[Source material — start]

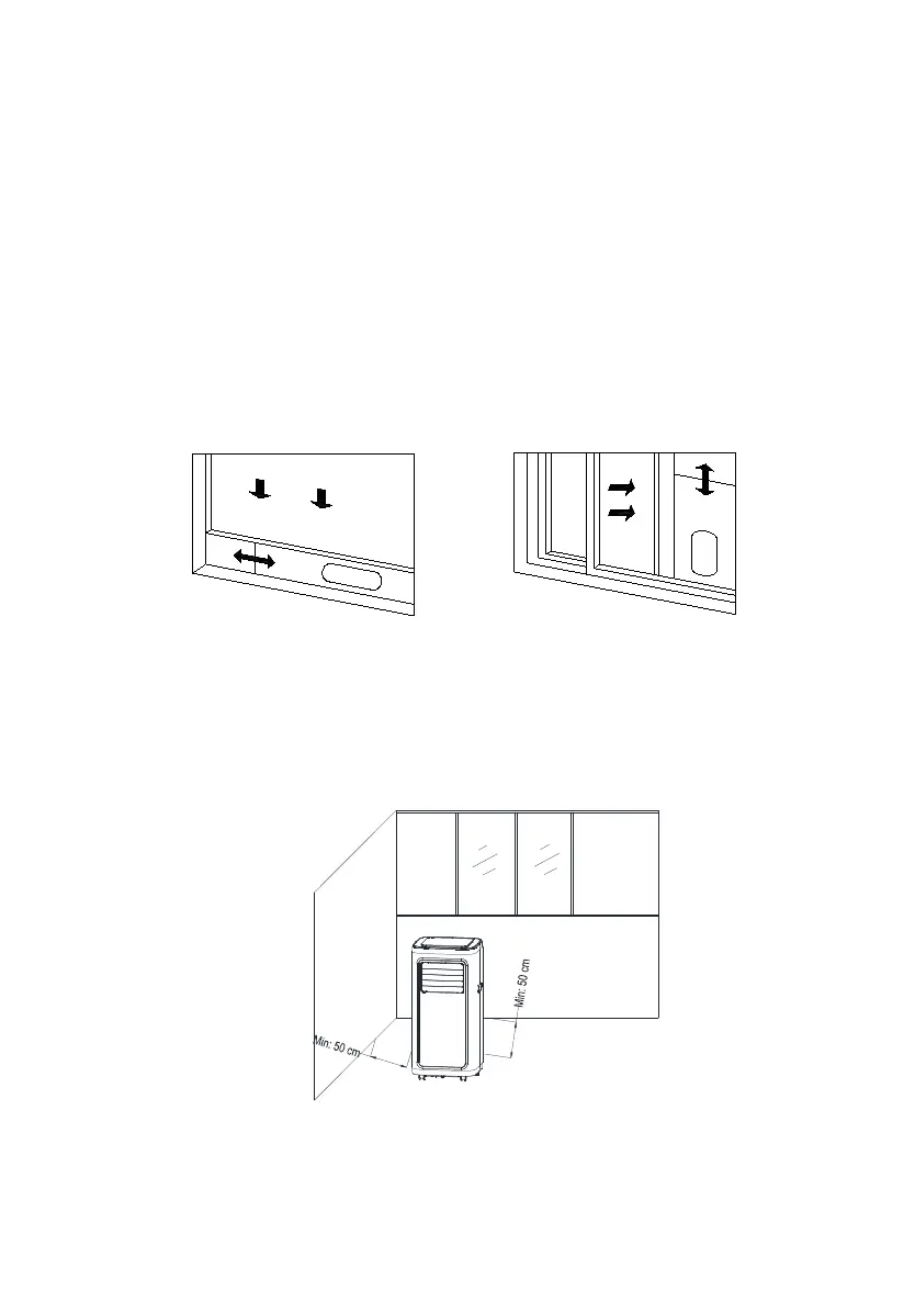 Pomaknite uređaj s postavljenom grijaćom cijevi i priključcima ispred prozora. Razmak
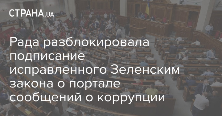 Рада разблокировала подписание исправленного Зеленским закона о портале сообщений о коррупции
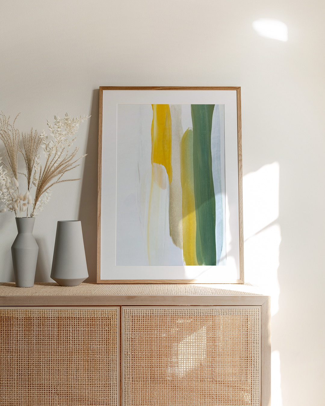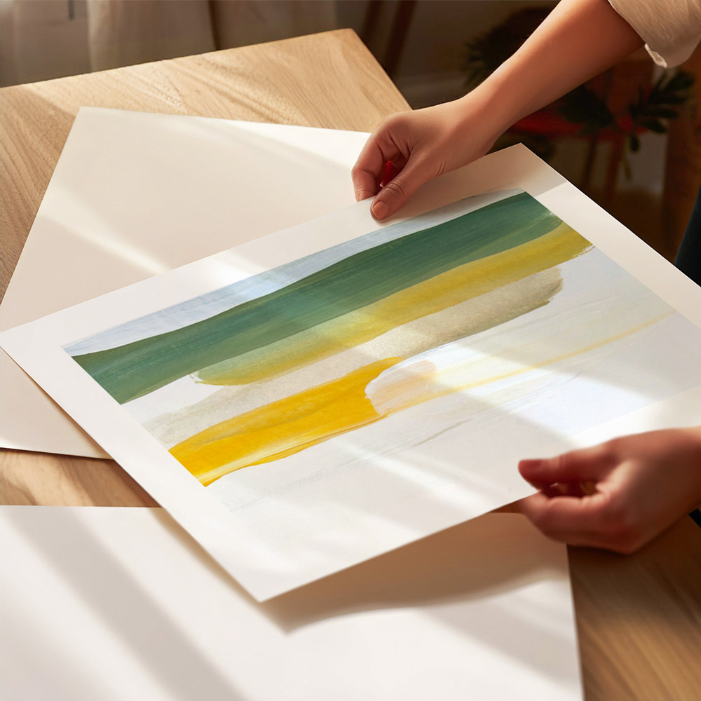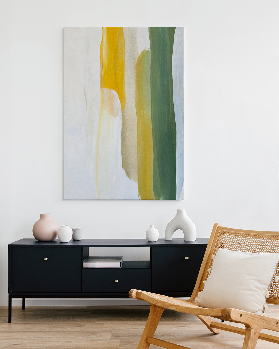 Et subtilt men fængslende abstrakt værk med elegante penselstrøg i gule og grønne toner. Det blide farvespil skaber en harmonisk visuel oplevelse, perfekt til alle moderne omgivelser.
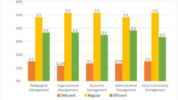 Alpízar et al.(43), define the EM as main regularities and requirements in management and financing, in the development of the substantive processes in the IIEE, it is necessary to transform a timely process in the improvement of management in strategic process. The fulfillment of the mission demanded by the educational community to achieve sustainable development and social responsibility, are currently characterized by human values, and living conditions.

[Source material — finish]

== Task details ==
No pictures go in the copy. Output exactly the lines from the line containing "Et subtilt men" through the end of the listing above.

== Output of the exercise ==
 Et subtilt men fængslende abstrakt værk med elegante penselstrøg i gule og grønne toner. Det blide farvespil skaber en harmonisk visuel oplevelse, perfekt til alle moderne omgivelser.
 Alpízar et al.(43), define the EM as main regularities and requirements in management and financing, in the development of the substantive processes in the IIEE, it is necessary to transform a timely process in the improvement of management in strategic process. The fulfillment of the mission demanded by the educational community to achieve sustainable development and social responsibility, are currently characterized by human values, and living conditions.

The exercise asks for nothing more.